I Love a Broad Margin to My Life
Description:
Born in 1940, one of eight children, Maxine Hong Kingston is the daughter of Chinese immigrants to America. Her father, a scholar in China, ran a laundry business and a gambling house in California; her mother, a doctor in China, helped with the laundry and worked in the fields. Maxine won scholarships to the University of California at Berkeley, where she returned to teach as Senior Lecturer in the Department of English. But alongside her academic life, she had embarked on a career as a writer, and her extraordinary books have become key texts in the American canon. In many ways this memoir recalls her first major work "The Woman Warrior" in which she blended Chinese myth with fiction and autobiography to reflect on her mother's past life in China and the experience of immigrants to America. In "I Love a Broad Margin to My Life", she writes from the point of view of being sixty-five, looking back on a rich and complex life of literature and political activism, always against the background of what it is like to have a mixed Chinese-American identity.
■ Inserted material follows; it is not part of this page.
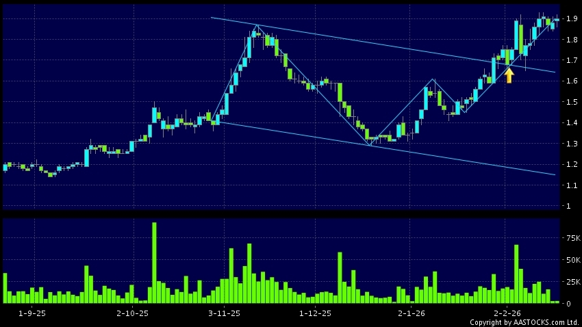 区域突破指股价在过去的一段时间只在一个范围在内活动,然後股价上升作出突破,升穿区域的顶部,技术走势向好。(港股报价延迟最少十五分钟。沽空资料截至 2026-03-20 12:25。)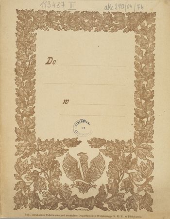Druk brązowy, na licu ramka z liści dębowych i orzeł legionowy.

Passages of autobiography, in which she describes such events in her life as being imprisoned with Alice Walker for demonstrating against the Iraq war, meld with a fictional journey in which she sends her avatar Wittman Ah Sing on a trip to modern China. She also evokes her own poignant journey, without a guide, back to the villages of her father and mother. Beautifully written, endlessly thought-provoking, this is an important book from one of the major writers of her generation.